Superior is a white-skinned, white-fleshed, mid-season potato variety. It was released by the University of Wisconsin potato breeding program in 1962, and is not under plant variety protection. It is a progeny of a cross between 'B96-56' and 'M59.44' and was first grown in 1951. 'B96-56' was also a parent of Kennebec. Like the potato variety Atlantic, Superior is widely grown for potato chip manufacturing right off the field and marketable yields are fairly high.

Botanical features
 Self-fertile
 Tubers (potatoes) are oval to round with medium-depth eyes.
 Tuber skin is white and may become lightly russeted as it matures.
 Flesh is white and has a high specific gravity.
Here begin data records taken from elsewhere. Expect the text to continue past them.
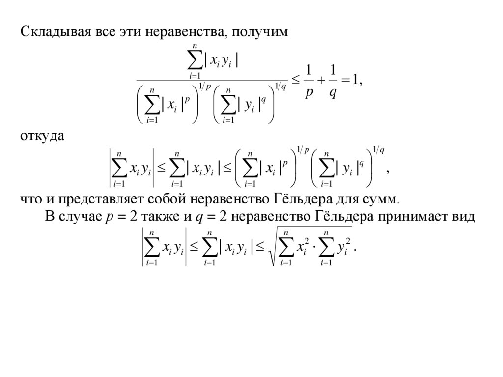 что и представляет собой неравенство Гёльдера для сумм.
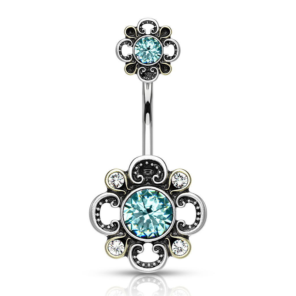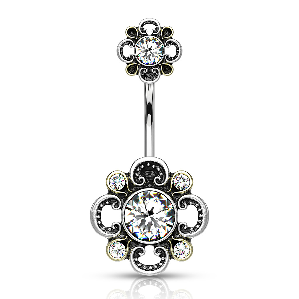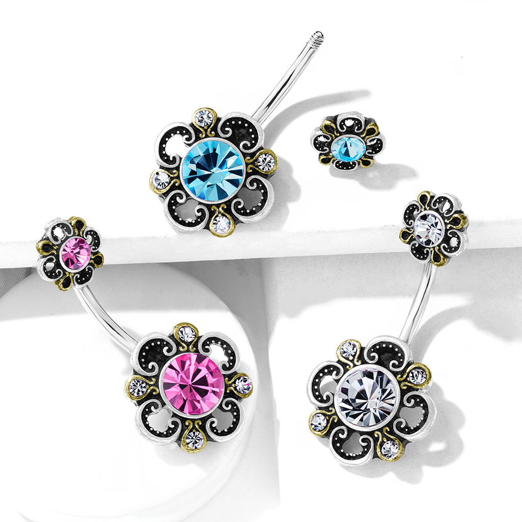 Jos pidät filigraani kuvioista ja etsit uutta korua napalävistykseesi, sinulla on mahdollisuus hankkia tämä uniikki napakoru antiikkisilla kukilla lävistykseesi. Korun filigraani kukka ei ole ainoastaan korun alaosassa, vaan myöskin yläpallon sijalla.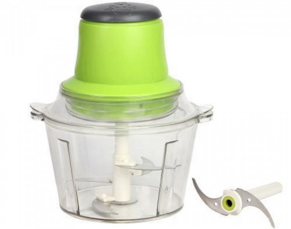 L'appareil universel remplacera plusieurs appareils dans la cuisine. Il peut être utilisé à la place d'un mélangeur, d'un shaker, d'un moulin à café et d'une trancheuse. Se coupe en cubes de différentes tailles. Volume du bol : 1,8 litre. Puissance - 300 watts. L'ensemble comprend 1 couteau utilitaire. Coût moyen : 1090 roubles.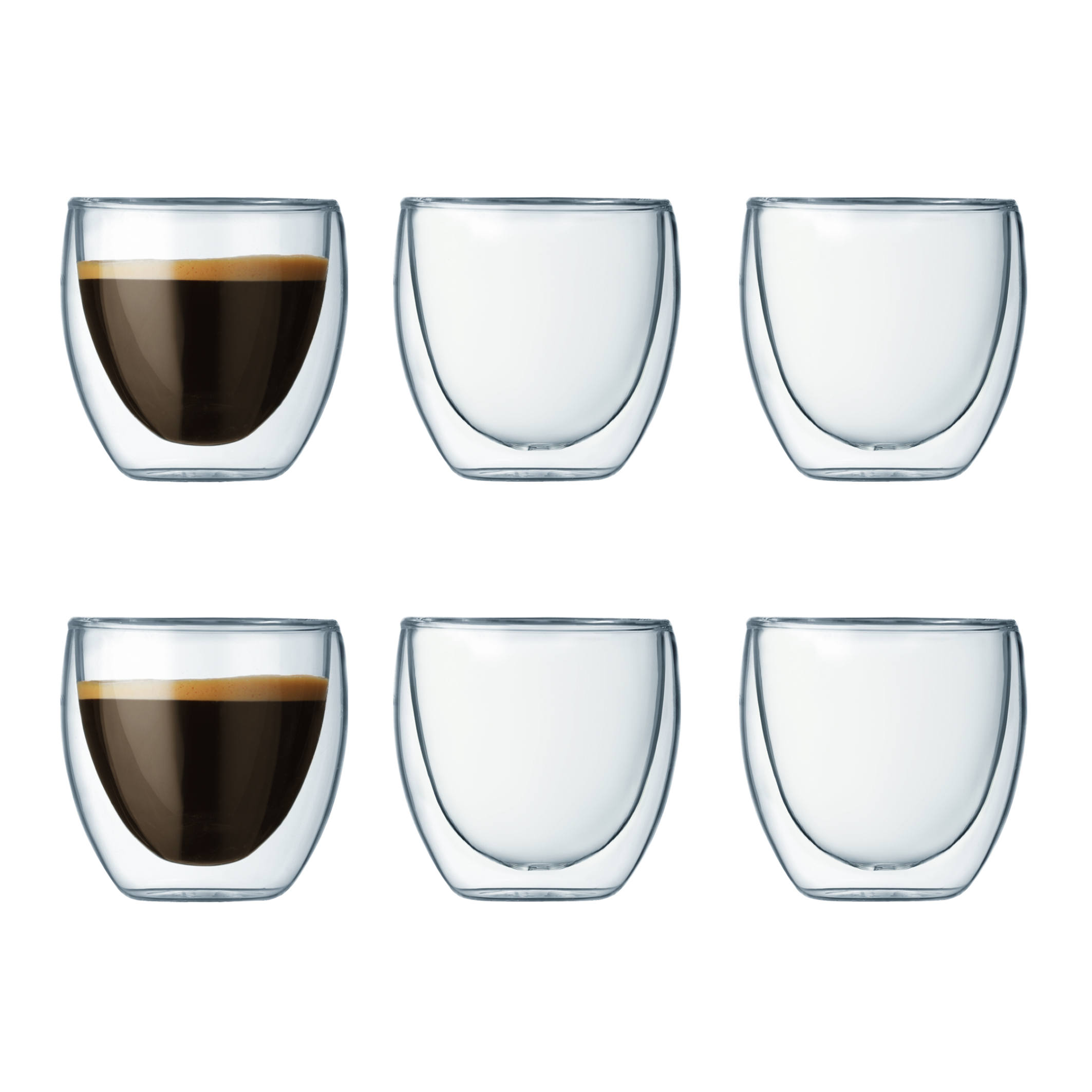 Bodum 4557-10-12 Les 6 verres 4557-10-12 expresso Pavina possèdent une double paroi transparente, très originale cela forme un verre dans un autre.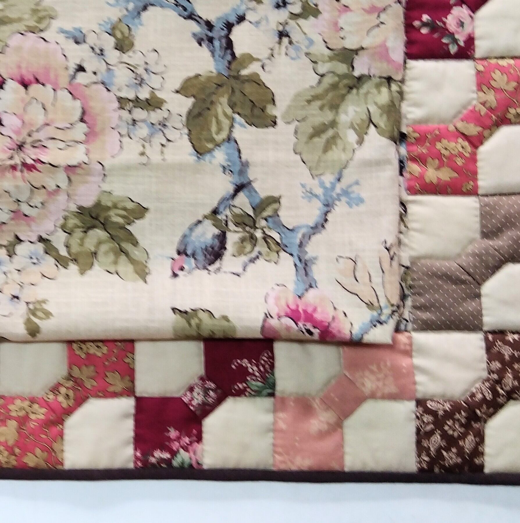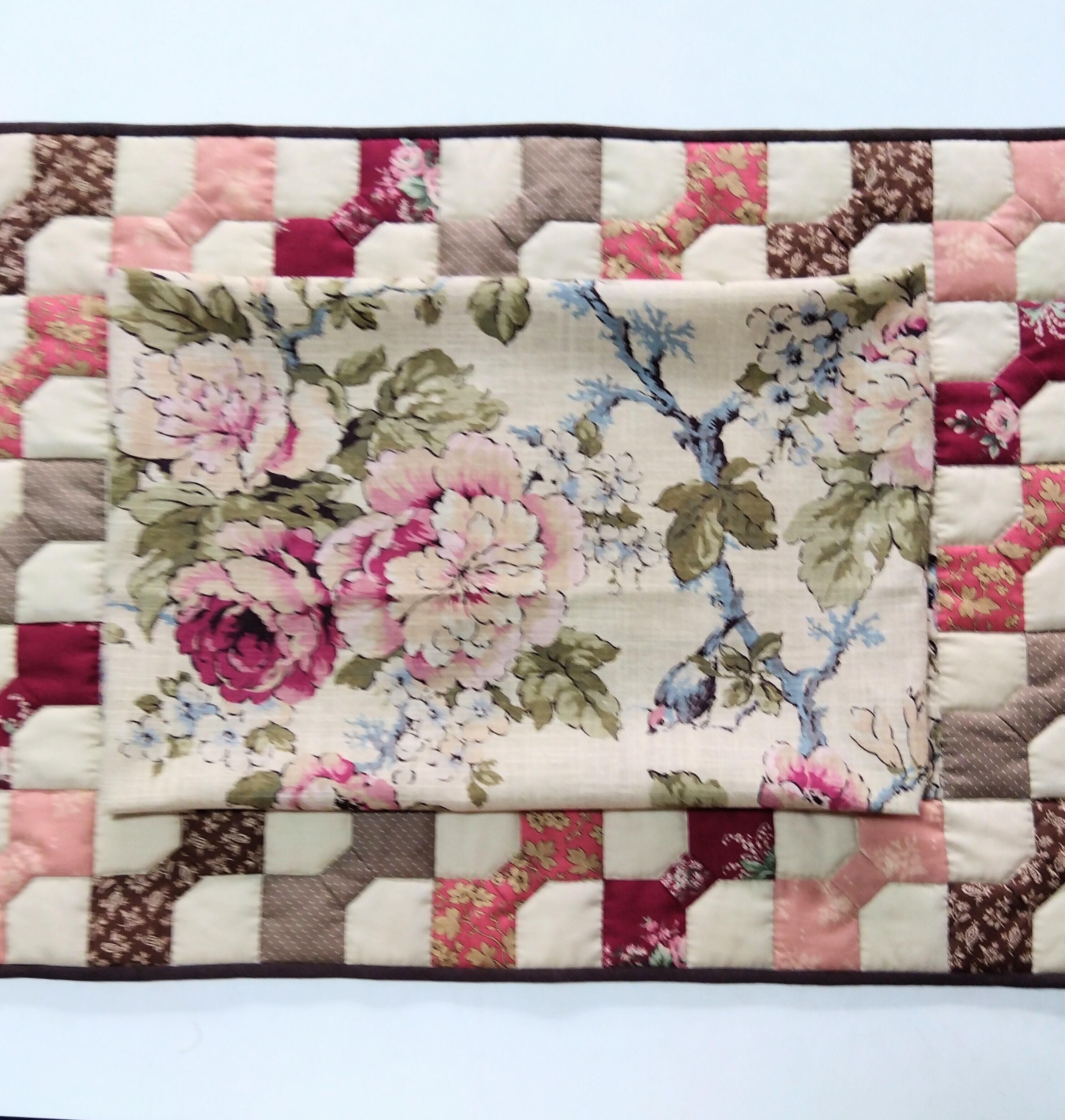 花柄のまわりにボウタイのピースワークをプラスしたマットです。ボウタイは比較的作りやすいパターンです。玄関やリビングの一角、ベッドサイドなど、お好きな場所に置いて、暮らしを楽しみましょう。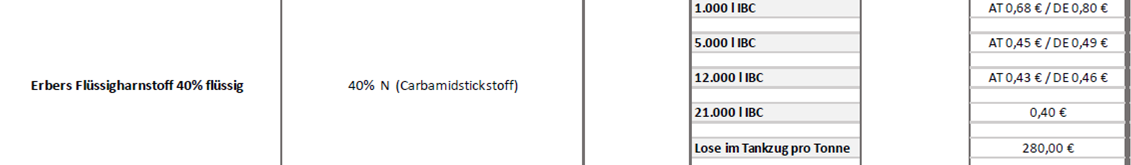 Preise netto / Liter im1000 IBC bzw. bei loser Lieferung im Tankwagen je Tonne frei Haus geliefert Österreich u. Deutschland

 The plants are medium height
 Reddish purple stems
 Terminal leaflets are short and ovate
 Primary leaflets are thick and arched
 Flowers have white tips
 Sprouts are dark purple

Agricultural features 
 High yields, it is used for potato chips, but grows best in cool climates. 
 It has moderate resistance to common scab and Verticillium wilt
 It is generally free from defects such as growth cracks, greening, secondary growth, heat necrosis, hollow heart, and vascular discoloration in tubers, but is susceptible to potato virus Y, potato virus X, and late blight.